循環型経済に貢献するリサイクル可能なネジ素材とは?

はじめに

カーボンニュートラル達成と循環型経済(サーキュラーエコノミー)への移行は、部品単位の設計と運用から始まります。ねじ(ボルト・ナット・小ねじ)は点数が多く、現場での「少量多品種」や「混在材」になりやすい代表部品です。本記事では「ねじ リサイクル」を実務で回すために、素材の選定から分別・回収、規格・証跡までを、ベトナム製造業の現場での実装を想定して解説します。

対象は購買・生産技術・品質保証・環境(サステナビリティ)担当の皆さまです。オータベトナムの支援事例と標準化テンプレートを踏まえ、以下を重視します。

  • 素材別のリサイクル適性(鉄・ステンレス・アルミ・真鍮・チタン・樹脂)と表面処理の影響
  • 分別・回収フロー(磁選/渦電流)と現場5S、ロット管理
  • 規格・証跡:ISO 3506、EN 10204 3.1、ISO 14021/14044の使いどころ
  • ベトナム調達でのコスト削減とCO2削減の両立、オータネジ ソリューションの活用

読み終えるころには、混在材によるスクラップ価値の目減り防止、再使用可否の判断基準、図面・BOMでの記載ルールまで、すぐ現場に展開できる実務ノウハウを持ち帰っていただけます。

概要(ねじ素材と循環の関係)

ねじは小型でも数量・品種が多く、現場では「少量多品種」「混在材」になりやすい部品です。
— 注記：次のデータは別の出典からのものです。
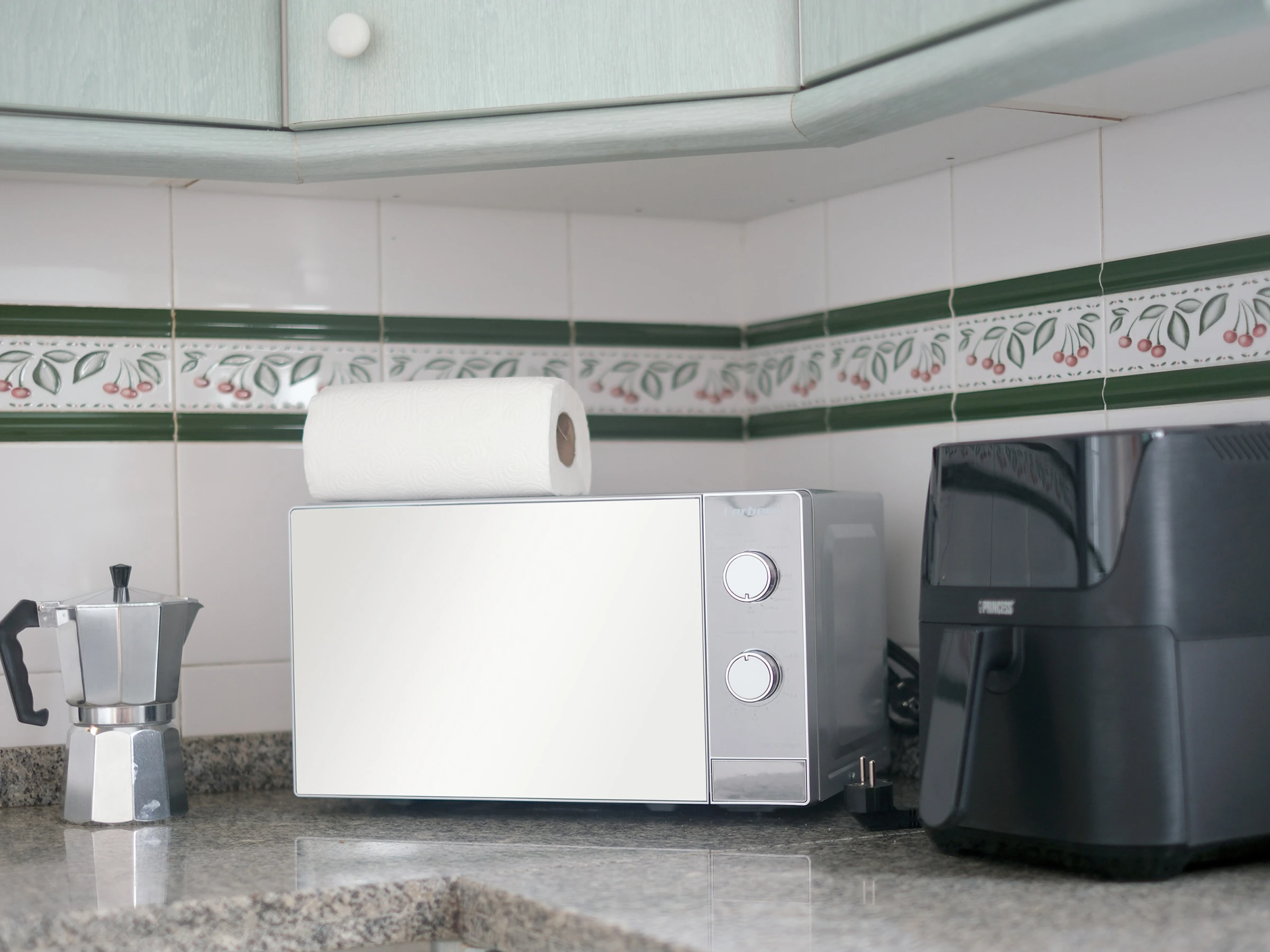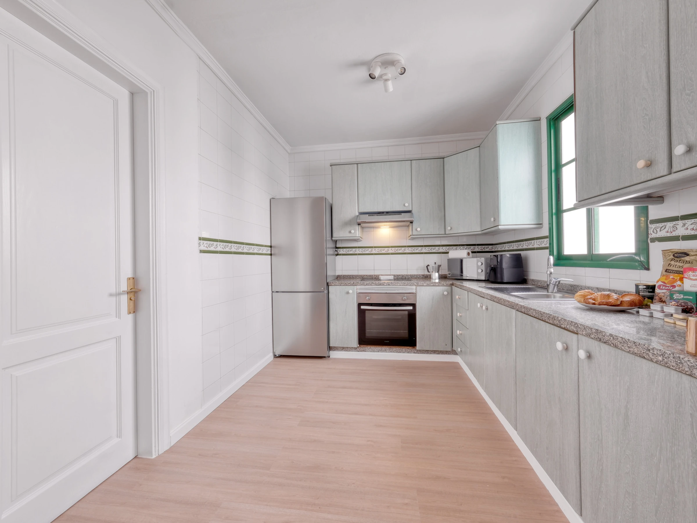 Die voll ausgestattete amerikanische Küche umfasst Induktionsherd, Backofen, Mikrowelle, Kühlschrank, Kaffeemaschine, Toaster, Heißluftfritteuse und alles, was man braucht, um köstliche Mahlzeiten wie zu Hause zuzubereiten.
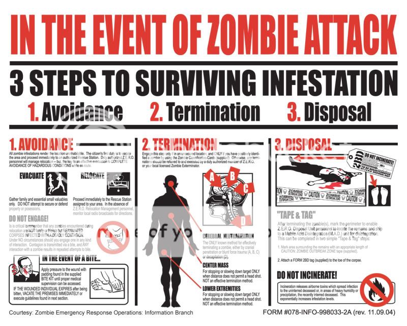 Quote Originally posted by: DonDiego The US Government Centers for Disease Control and Prevention (CDC) offers Emergency Preparedness and Response advice for the Zombie Apocalypse .
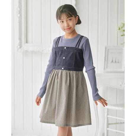 ■デザインリブトップスにデニムのビスチェとチェックのスカートを合わせたたような、一枚でおしゃれなレイヤードスタイルが楽しめるワンピースです。
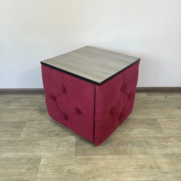 Пуф-трансформер 5в1 зі столиком Дуб платиновий/Червоний 470х470х450 мм
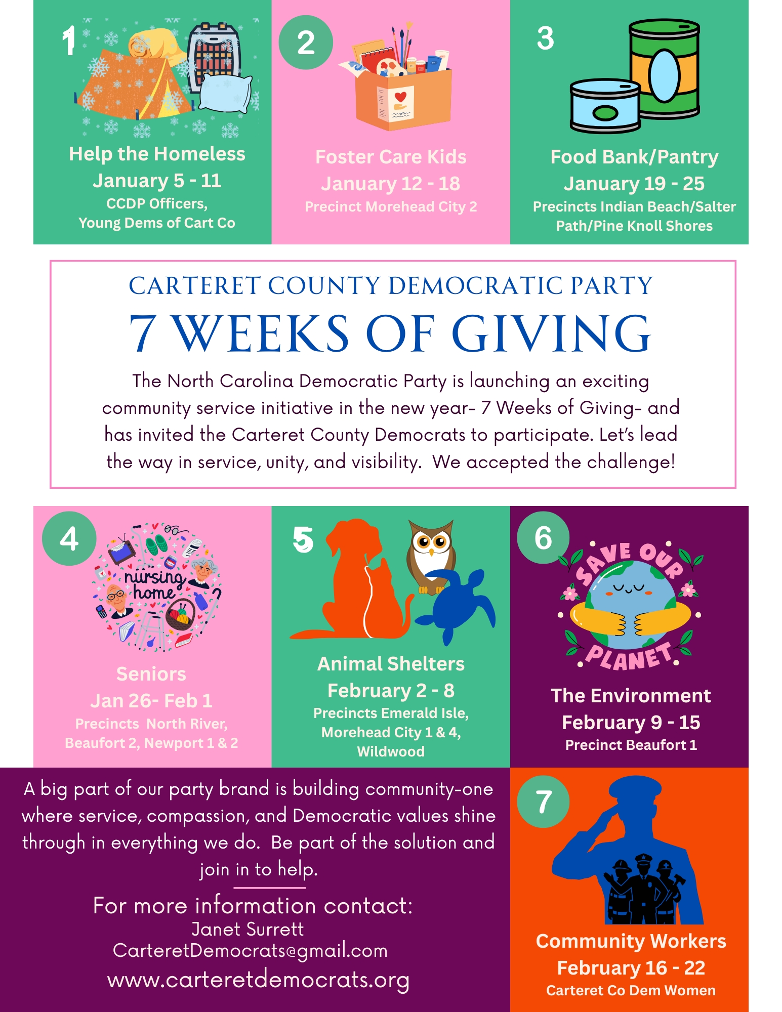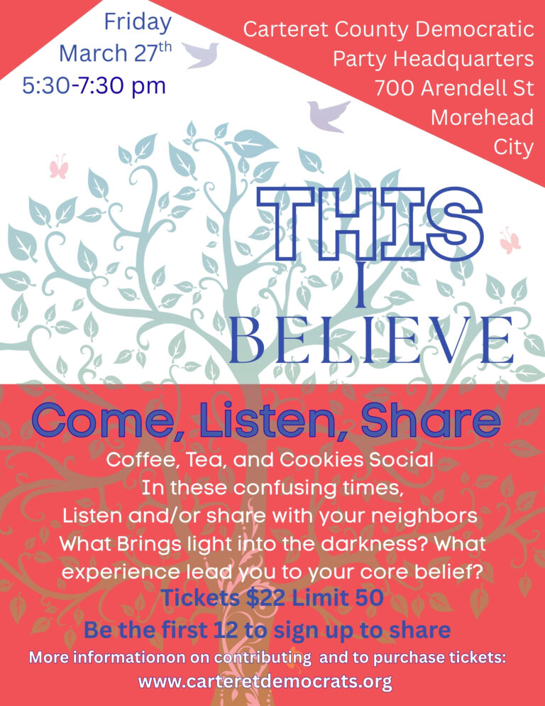 The Carteret County Democratic Party is so grateful for the generous gift of time and talent of Jessica and Dustin Diaz of Diaz Marketing. They used pictures from the various rallies and events we have had over the past few months depicting Faces of Democracy.
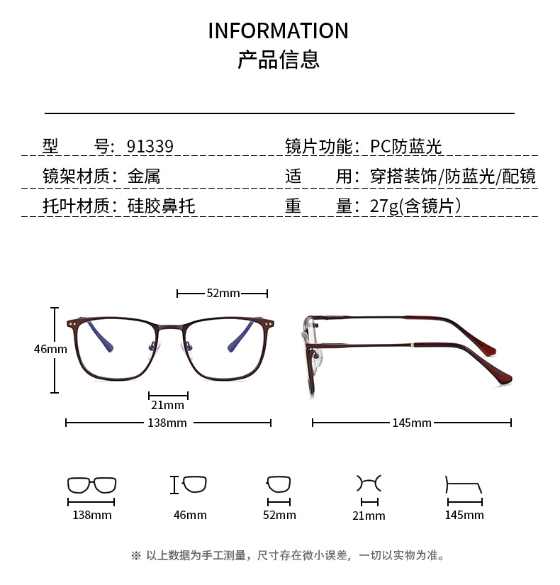 Fábrica de origen metal gafas anti-luz azul OEM personalizable etiquetable logo personalizable91339
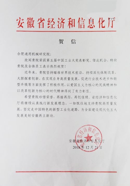 12月21日,安徽省經濟和信息化廳向我院發來賀信,祝賀我院榮獲第五屆中國工業大獎表彰獎,并勉勵我院珍惜榮譽,再接再厲,再創佳績,為全面建設現代化五大發展美好安徽再立新功。

循環型設計を成立させるためには、①素材のリサイクル容易性、②表面処理・インサート等の有無による分別のしやすさ、③材質・ロットのトレーサビリティ、④現場での回収運用(分別・保管・引渡し)の四点を同時に設計・標準化することが重要です。

30秒でわかる回収フロー(標準案)

  1. 図面・BOMに材質(例:A2-70、SUS304、C3604、A5052)と表面処理を明記
  2. ライン末端に材質別ボックス(鉄/ステン/真鍮/アルミ/混在)を常設
  3. 磁選→渦電流選別(ECS)で非鉄を仕分け、液体・油分は事前排出
  4. ロットQRで回収重量・純度・引渡し先を記録し、スクラップ代を原価へ還元

素材別の要点(要約)

  • 鉄・炭素鋼:磁選で素早い一次分別が可能。EAFでの再資源化ルートが確立。めっき・油分は洗浄で歩留まり改善。
  • アルミ:再生時の消費エネルギーが小さくCO2削減効果が大。ECSで効率分別。
  • ステンレス(A2/A4など):ISO 3506準拠の刻印・表記が分別に有効。冷間加工で弱磁性化する場合があるため、磁石だけに頼らない識別を。
  • 真鍮(銅合金):高値で回収されやすく、切削屑も価値が高い。鉄混入で価値が下がるため専用ボックスを徹底。
  • 表面処理鋼(溶融亜鉛めっき等):めっきは溶解時にダスト回収され再資源化可能。過剰な油・接着剤は事前除去。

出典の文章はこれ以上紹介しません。